Картина вмиг изменилась.
Спустя
три минуты волна догнала “Спрей”. От
ее удара шлюп затрясло, гика-шкот
порвался и гик покатился к вантам. Я
бросился к кливер-фалу и мигом спустил
кливер. Без переднего паруса, с рулем,
положенным на ветер, шлюп рывком
привелся к ветру. Дрожа от возбуждения,
я спустил и закрепил грот и сломанный
гик. Каким образом мне удалось сделать
это, прежде чем парус разорвало, не могу
ронять. Я поднял кливер, и, не
оглядываясь на фелюку, спустился в
каюту за винтовкой и патронами. По моим
расчетам, пираты должны были
находиться совсем рядом, поэтому
надежнее было смотреть на них сквозь
прорезь прицела. Вглядевшись в туман, я
и за милю вокруг не увидел ни одного
паруса. Шквал, сломавший мне гик, снес
на фелюке мачту. Я заметил, что
разбойники — их было с дюжину —
стараются вытянуть из воды обломки
рангоута. Да почернит их лица аллах!”
Из
Гибралтара на острова Зеленого Мыса
Слокэм следовал маршрутом крупных
парусников, ходивших к западу от этого
архипелага. Затем парусные суда шли
обычно с северо-восточными пассатами и
пересекали экватор примерно по 25°
западной долготы; миновав зону
экваториального затишья, они встречали
юго-восточные пассаты и шли в крутой
бейдевинд, пока не попадали в полосу
западных ветров. Затем они добирались
до мыса Доброй Надежды, огибали его и до
самой Австралии шли с попутным ветром.
16
сентября Слокэм оказался в штилевой
полосе, в “унылом краю”, по его словам;
за десять суток “Спрей” прошел всего
300 миль. В конце этого утомительного
периода “Спрей” поймал юго-восточный
пассат, который “наполнив паруса,
резво подгонял судно, шедшее к берегам
Бразилии”. Возможно, ветер сам решил,
куда плыть Слокэму. Действие юго-восточных
пассатов началось, когда капитан был на
4° с. ш. и 29° 30' з. д.
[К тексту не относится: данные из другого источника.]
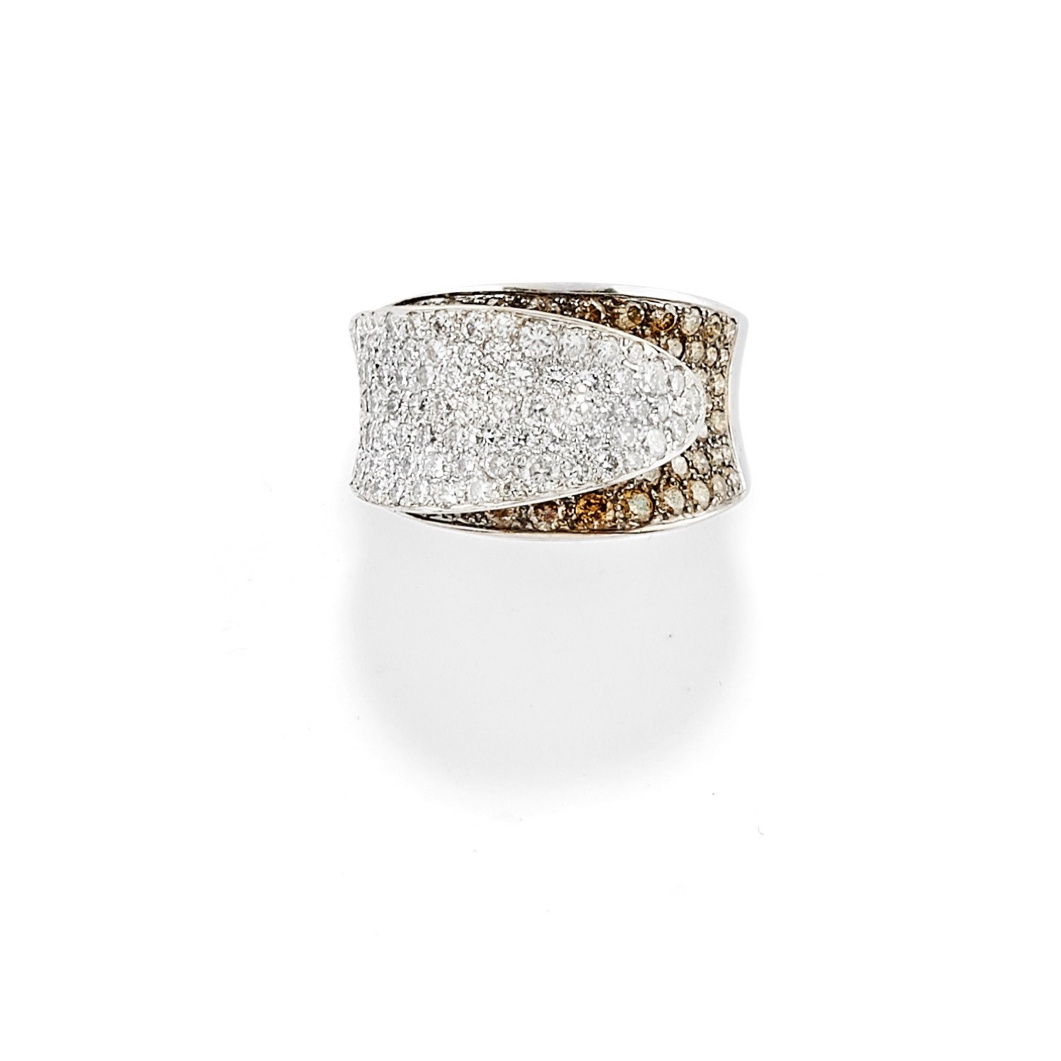 a fascia con pavé di diamanti taglio brillante incolore e bruniti.

Достаточно взглянуть
на карту, чтобы заметить, что Слокэм
находился ближе к Южной Америке, чем к
Африке!
Вот
тогда-то, когда “Спрей”, выйдя из
Буэнос-Айреса, шел вдоль побережья
Южной Америки, встретилась одна из тех
гигантских волн, которые время от
времени возникают на море и рассказы о
которых напоминают истории о
необыкновенно большой форели,
сорвавшейся с крючка. В таких случаях
можно полагаться лишь на слово
рассказчика. Пожалуй, все, кто следит
вместе с нами за плаванием Слокэма,
согласятся, что старый моряк не склонен
к преувеличениям и ему можно верить.
Вот что пишет Слокэм.
“...Мой
шлюп благополучно прошел залив Баня-Бланка,
а затем залив Сан-Матиас и грозный
залив Сан-Хорхе. В надежде избежать
приливных течений, в здешних
прибрежных водах опасных для больших и
малых судов, все мысы я обходил на
расстоянии около полусотни миль. Но,
избежав одних опасностей, шлюп
сталкивался с иными. Так, однажды, когда
“Спрей” под зарифленными парусами шел
вдоль побережья Патагонии, на судно с
ревом ринулась чудовищная волна. В
мгновение ока я спустил паруса, а сам
взвился вверх по дирик-фалу, чтобы не
оказаться смытым за борт, и тут над
собой, выше клотика, увидел ее мощный
гребень. Огромная гора воды обрушилась
на судно. Оно задрожало всеми
шпангоутами и повалилось на бок под
страшной тяжестью, но сразу же
выпрямилось и гордо понеслось по
волнам. В течение, пожалуй, целой минуты
я висел над судном и не мог разглядеть
ни клочка палубы. Возможно, прошло и
меньше времени, но и оно показалось мне
вечностью, ибо я вспомнил всю свою
жизнь. Не только прошлое молниеносно
промелькнуло перед моим мысленным
взором, я успел принять решения
относительно будущего, на выполнение
которых ушла бы уйма времени.
Помню,
прежде всего я решил, что, если “Спрею”
удастся уцелеть на этот раз, я
обязательно построю более крупное
судно с такими же обводами. Я все еще
надеюсь выполнить этот свой обет.
Другие клятвы, которые труднее
сдержать, я дал, видно, поддавшись
душевной слабости. Это событие, так
меня напугавшее, оказалось еще одной
проверкой мореходных качеств “Спрея”.
Теперь-то я был уверен, что мы сумеем
одолеть грозный мыс Горн.
Слокэму
действительно пришлось трудно, когда
он огибал Южную Америку. Обогнув мыс
Кабо-Вирхенес, он вошел в Магелланов
пролив. Встречный ветер заставил его
лавировать. С трудом пройдя мимо мыса
Фроуорд и оставив мыс Пилар по левому
борту, он вышел в Тихий океан. Но в Тихом
океане Слокэм попал в жестокий шторм. В
приливном течении возле мыса Пилар
мореплаватель, по его признанию,
страдал морской болезнью. Чем мористее
он уходил, тем выше становились волны,
вздымавшиеся как водяные горы. Так
продолжалось четверо суток.
Представьте себе, каково приходилось
этому человеку — одному, на таком утлом
суденышке, как “Спрей”!
“...3
марта “Спрей” вышел из Порт-Тамара,
держа курс на мыс Пилар. Ветер дул от
северо-востока, и мне очень хотелось,
чтобы он не менялся, пока судно не
отойдет подальше от берега. Но, увы,
надежда оказалась тщетной. На северо-западе
сгущались тучи, вскоре начался дождь,
что не предвещало ничего хорошего. “Спрей”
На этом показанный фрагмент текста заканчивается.